## [Work task]
Leaving out every picture, retype the lines below from the top through the one that contains "SPACIOUS CORNER LOT!".

[[ Data for this exercise open ]]

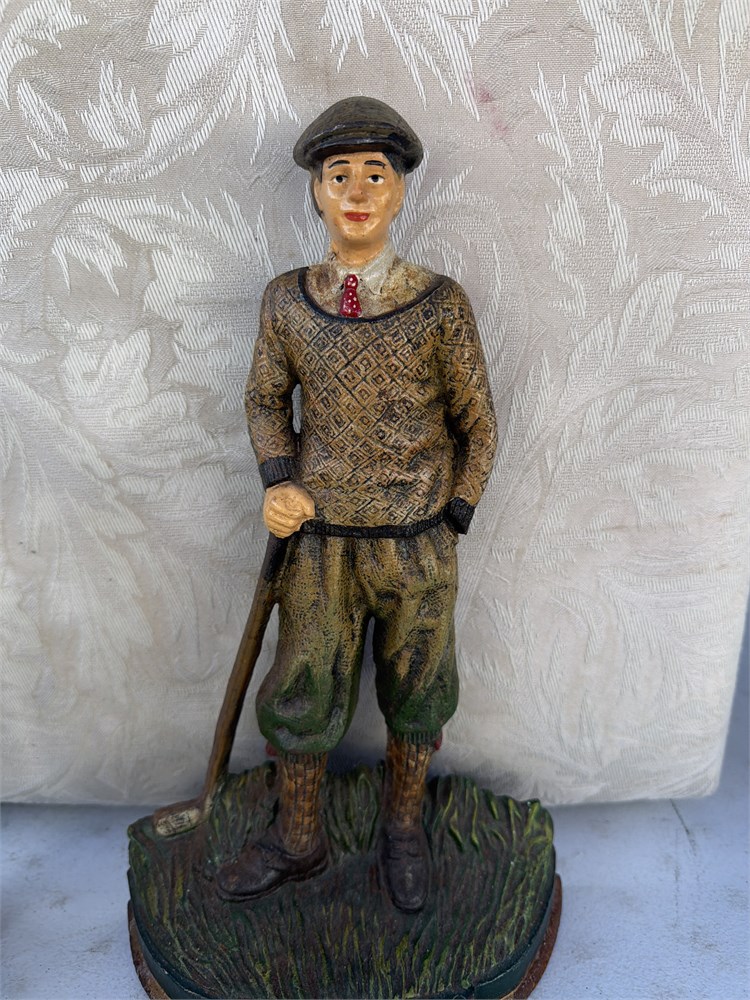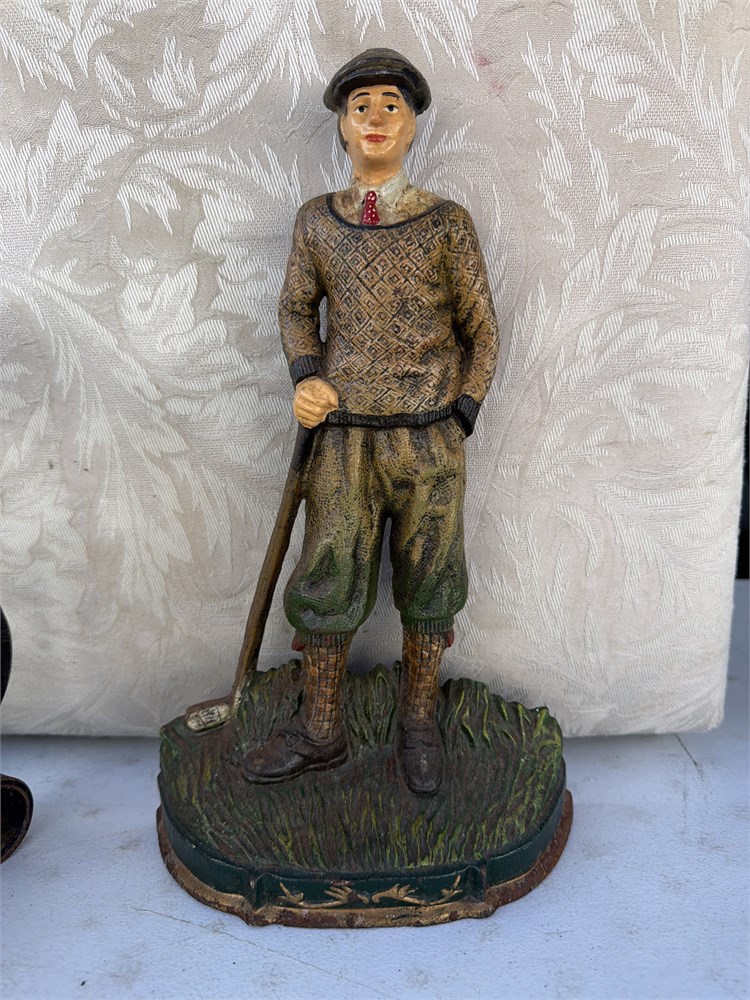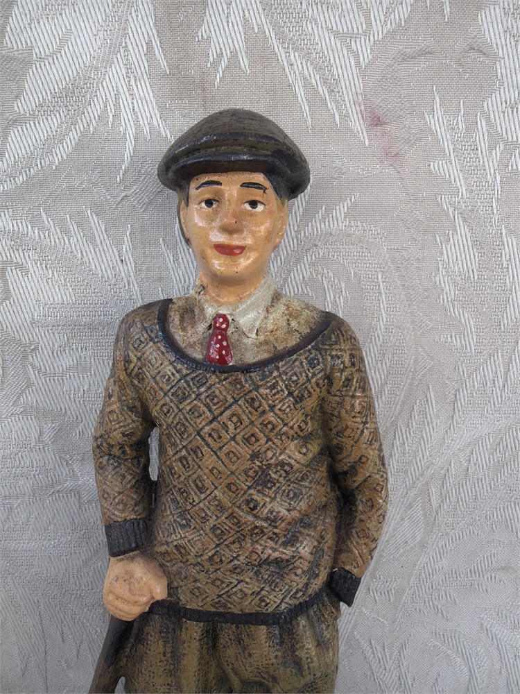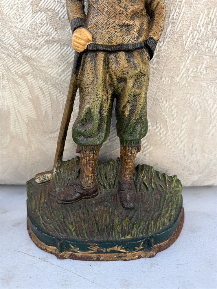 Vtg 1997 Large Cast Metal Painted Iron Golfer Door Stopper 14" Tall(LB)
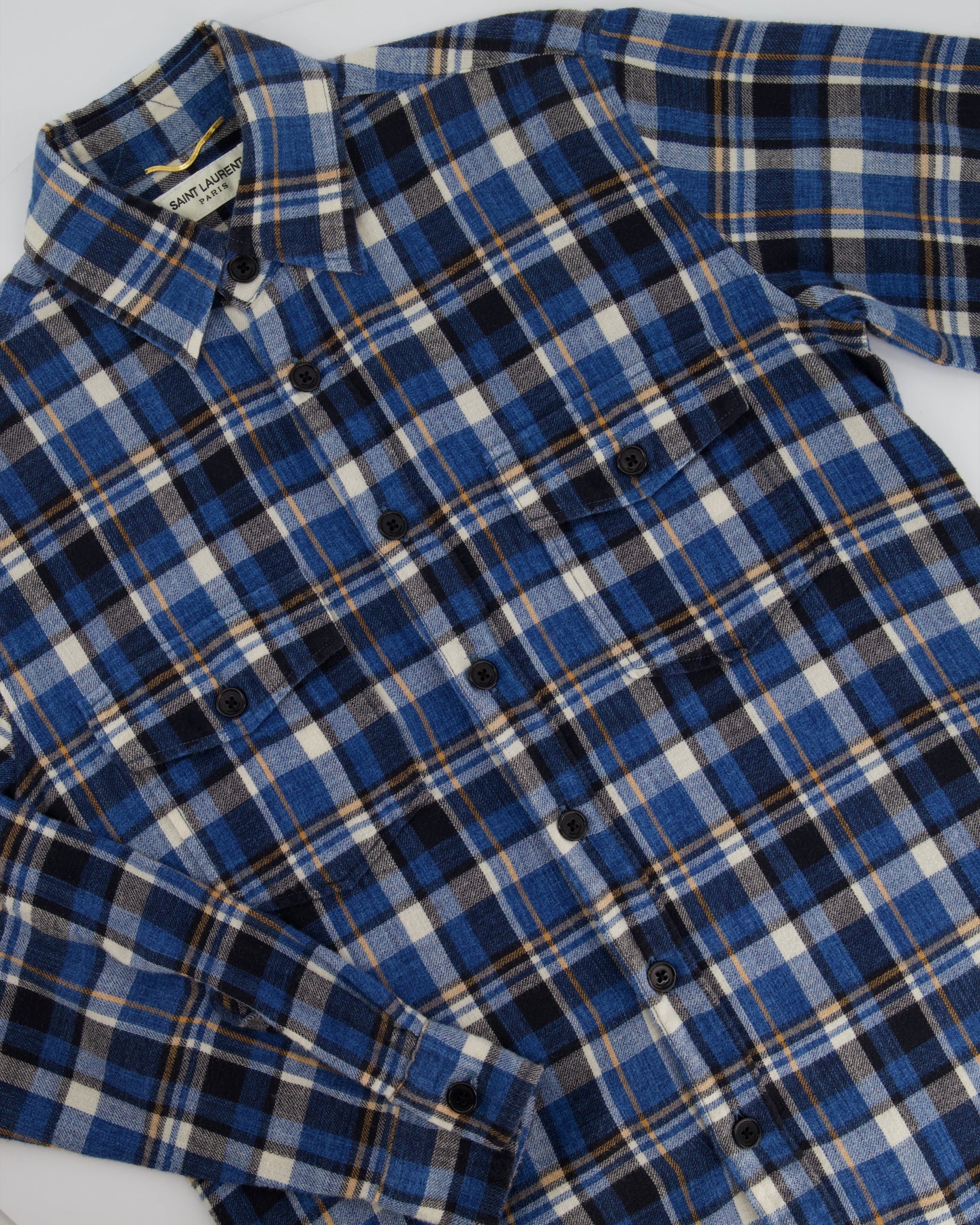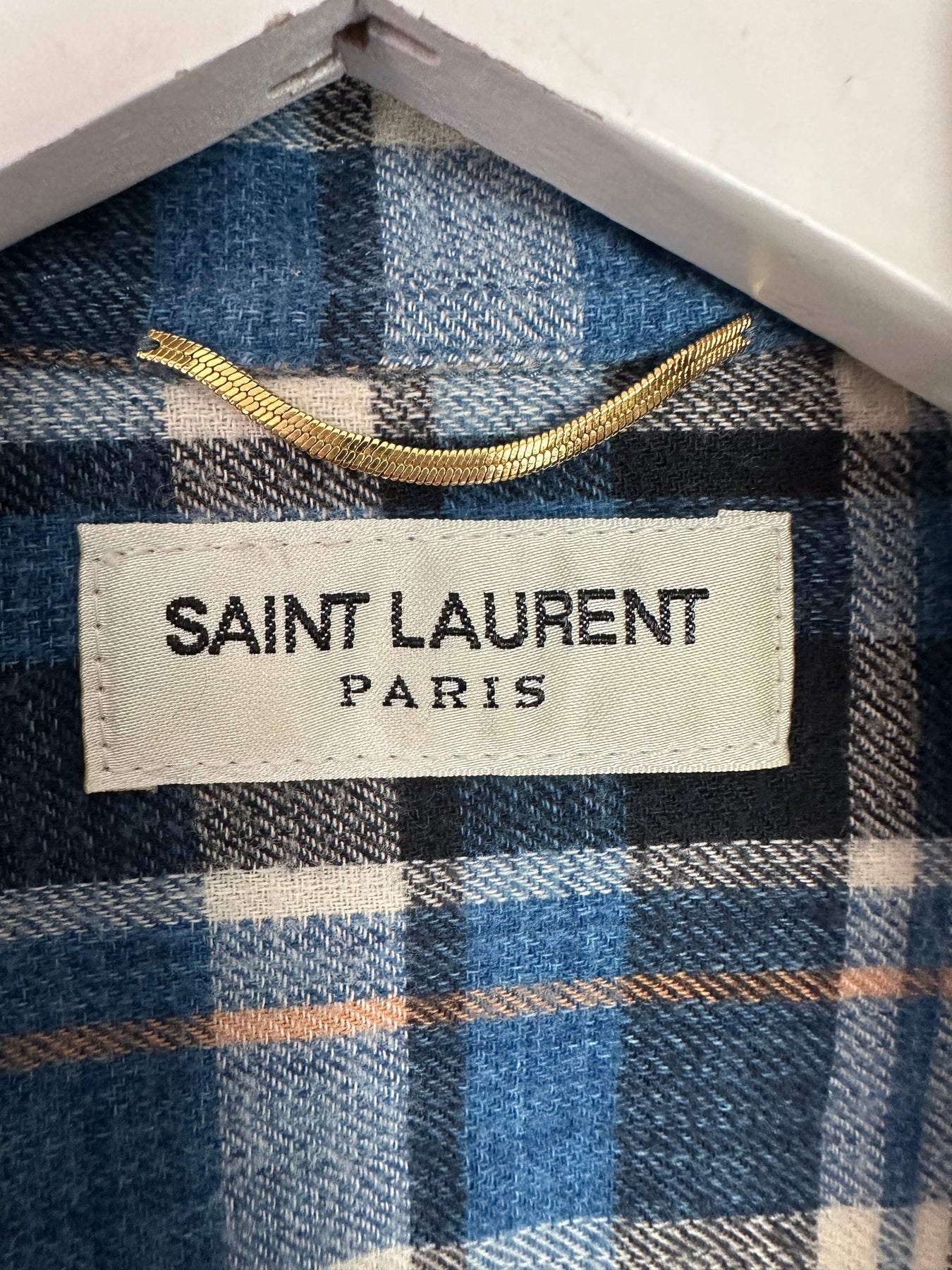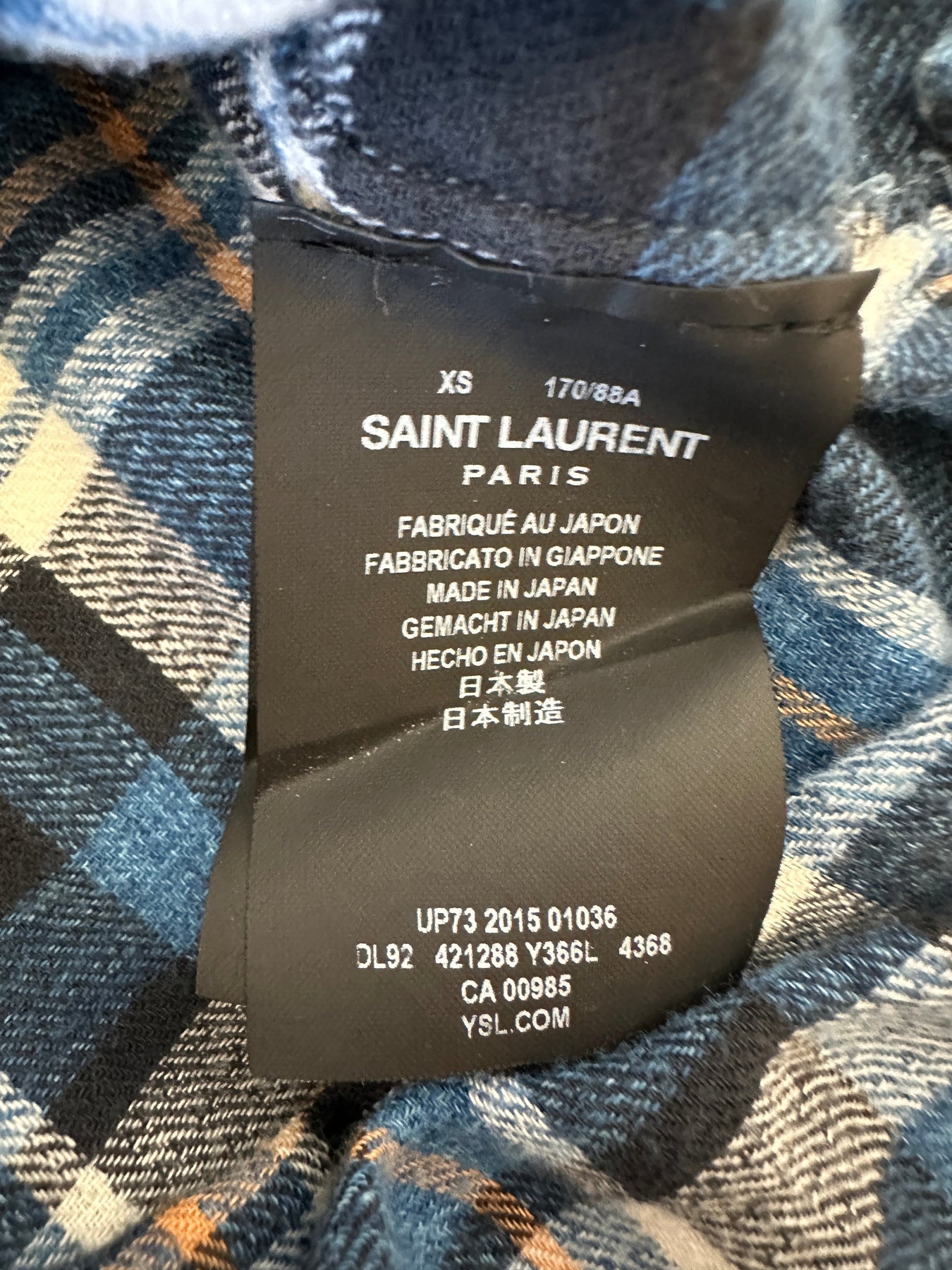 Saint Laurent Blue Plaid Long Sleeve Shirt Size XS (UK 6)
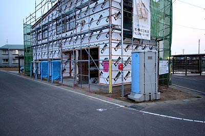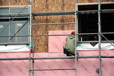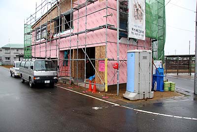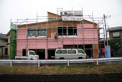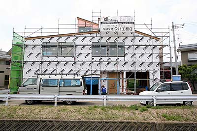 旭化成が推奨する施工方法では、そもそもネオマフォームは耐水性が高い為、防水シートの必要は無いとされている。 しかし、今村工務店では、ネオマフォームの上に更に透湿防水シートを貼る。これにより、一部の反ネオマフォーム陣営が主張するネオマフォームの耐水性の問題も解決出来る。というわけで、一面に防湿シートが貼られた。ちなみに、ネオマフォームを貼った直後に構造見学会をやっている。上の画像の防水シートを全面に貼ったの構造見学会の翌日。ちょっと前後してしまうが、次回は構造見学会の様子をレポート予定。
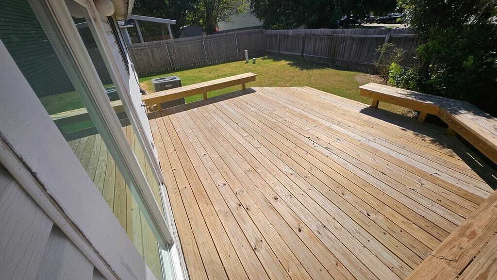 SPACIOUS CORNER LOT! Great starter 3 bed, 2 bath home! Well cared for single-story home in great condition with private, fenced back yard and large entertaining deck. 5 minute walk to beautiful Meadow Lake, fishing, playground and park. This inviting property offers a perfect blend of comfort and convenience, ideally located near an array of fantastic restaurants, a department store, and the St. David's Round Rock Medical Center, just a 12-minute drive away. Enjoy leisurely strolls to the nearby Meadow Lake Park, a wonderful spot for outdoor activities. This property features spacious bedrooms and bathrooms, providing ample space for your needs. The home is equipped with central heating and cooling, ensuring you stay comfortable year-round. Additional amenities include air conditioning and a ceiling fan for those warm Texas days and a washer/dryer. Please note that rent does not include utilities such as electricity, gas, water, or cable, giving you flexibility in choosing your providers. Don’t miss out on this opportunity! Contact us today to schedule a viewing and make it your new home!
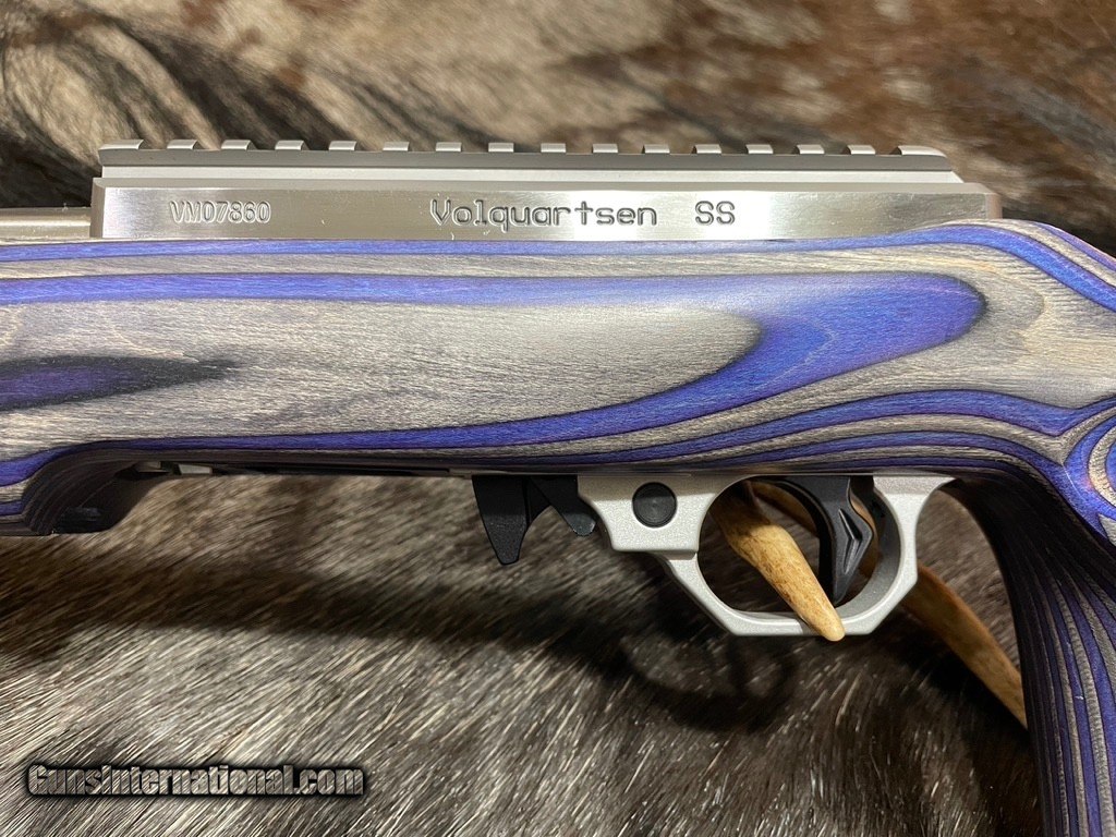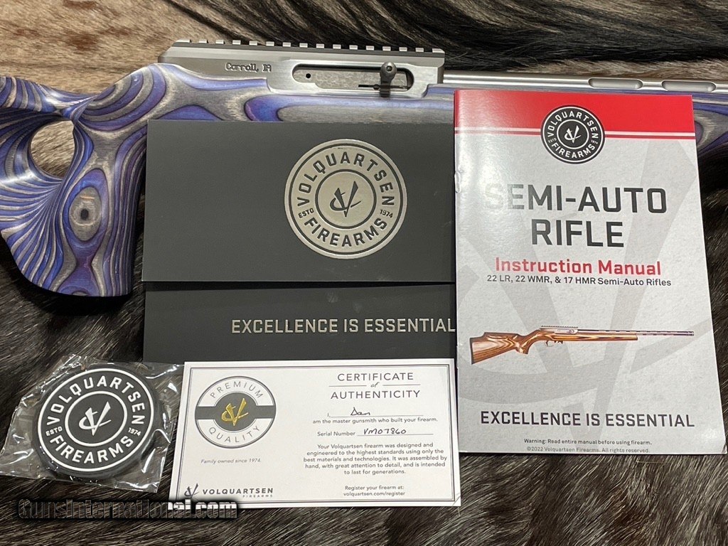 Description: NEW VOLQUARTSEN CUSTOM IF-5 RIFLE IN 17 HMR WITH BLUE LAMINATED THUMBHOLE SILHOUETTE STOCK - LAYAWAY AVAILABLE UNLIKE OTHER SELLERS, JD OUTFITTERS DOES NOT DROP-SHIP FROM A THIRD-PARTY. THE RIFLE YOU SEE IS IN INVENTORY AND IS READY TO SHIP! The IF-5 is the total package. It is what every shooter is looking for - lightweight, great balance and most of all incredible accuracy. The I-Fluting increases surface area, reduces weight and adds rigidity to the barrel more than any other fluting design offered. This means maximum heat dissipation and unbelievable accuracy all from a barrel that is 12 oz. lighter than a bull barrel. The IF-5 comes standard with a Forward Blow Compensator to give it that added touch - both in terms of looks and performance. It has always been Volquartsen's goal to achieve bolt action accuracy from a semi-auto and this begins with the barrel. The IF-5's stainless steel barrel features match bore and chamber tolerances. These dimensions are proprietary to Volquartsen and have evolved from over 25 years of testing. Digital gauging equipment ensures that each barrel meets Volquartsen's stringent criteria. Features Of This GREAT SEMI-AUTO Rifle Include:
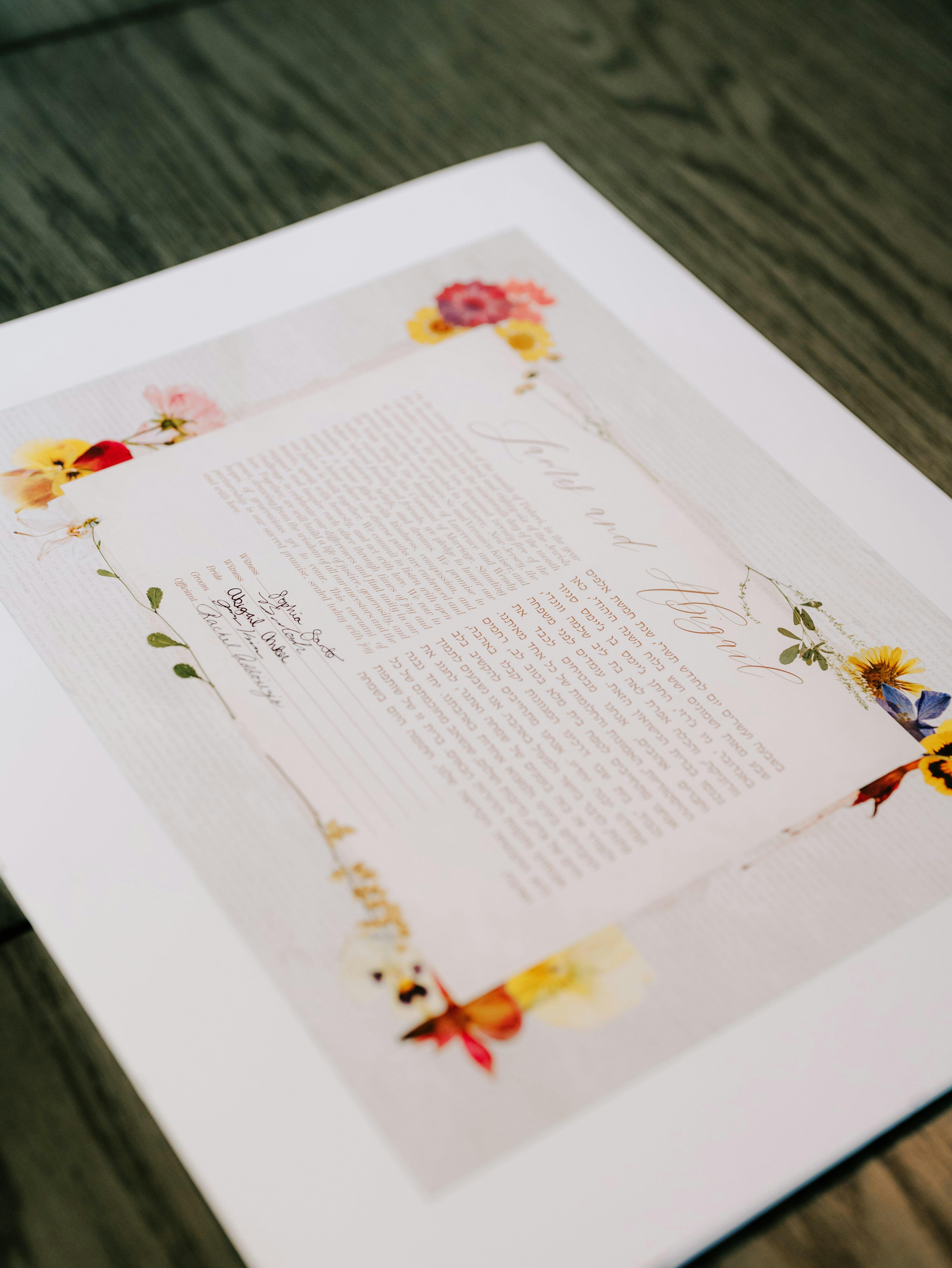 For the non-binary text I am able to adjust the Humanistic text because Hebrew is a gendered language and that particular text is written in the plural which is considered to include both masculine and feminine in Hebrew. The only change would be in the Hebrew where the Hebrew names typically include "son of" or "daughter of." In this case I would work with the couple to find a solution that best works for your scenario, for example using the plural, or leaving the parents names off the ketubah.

[[ Data for this exercise closed ]]

## [Solution to this task]
 Vtg 1997 Large Cast Metal Painted Iron Golfer Door Stopper 14" Tall(LB)
 Saint Laurent Blue Plaid Long Sleeve Shirt Size XS (UK 6)
 旭化成が推奨する施工方法では、そもそもネオマフォームは耐水性が高い為、防水シートの必要は無いとされている。 しかし、今村工務店では、ネオマフォームの上に更に透湿防水シートを貼る。これにより、一部の反ネオマフォーム陣営が主張するネオマフォームの耐水性の問題も解決出来る。というわけで、一面に防湿シートが貼られた。ちなみに、ネオマフォームを貼った直後に構造見学会をやっている。上の画像の防水シートを全面に貼ったの構造見学会の翌日。ちょっと前後してしまうが、次回は構造見学会の様子をレポート予定。
 SPACIOUS CORNER LOT! Great starter 3 bed, 2 bath home! Well cared for single-story home in great condition with private, fenced back yard and large entertaining deck. 5 minute walk to beautiful Meadow Lake, fishing, playground and park. This inviting property offers a perfect blend of comfort and convenience, ideally located near an array of fantastic restaurants, a department store, and the St. David's Round Rock Medical Center, just a 12-minute drive away. Enjoy leisurely strolls to the nearby Meadow Lake Park, a wonderful spot for outdoor activities. This property features spacious bedrooms and bathrooms, providing ample space for your needs. The home is equipped with central heating and cooling, ensuring you stay comfortable year-round. Additional amenities include air conditioning and a ceiling fan for those warm Texas days and a washer/dryer. Please note that rent does not include utilities such as electricity, gas, water, or cable, giving you flexibility in choosing your providers. Don’t miss out on this opportunity! Contact us today to schedule a viewing and make it your new home!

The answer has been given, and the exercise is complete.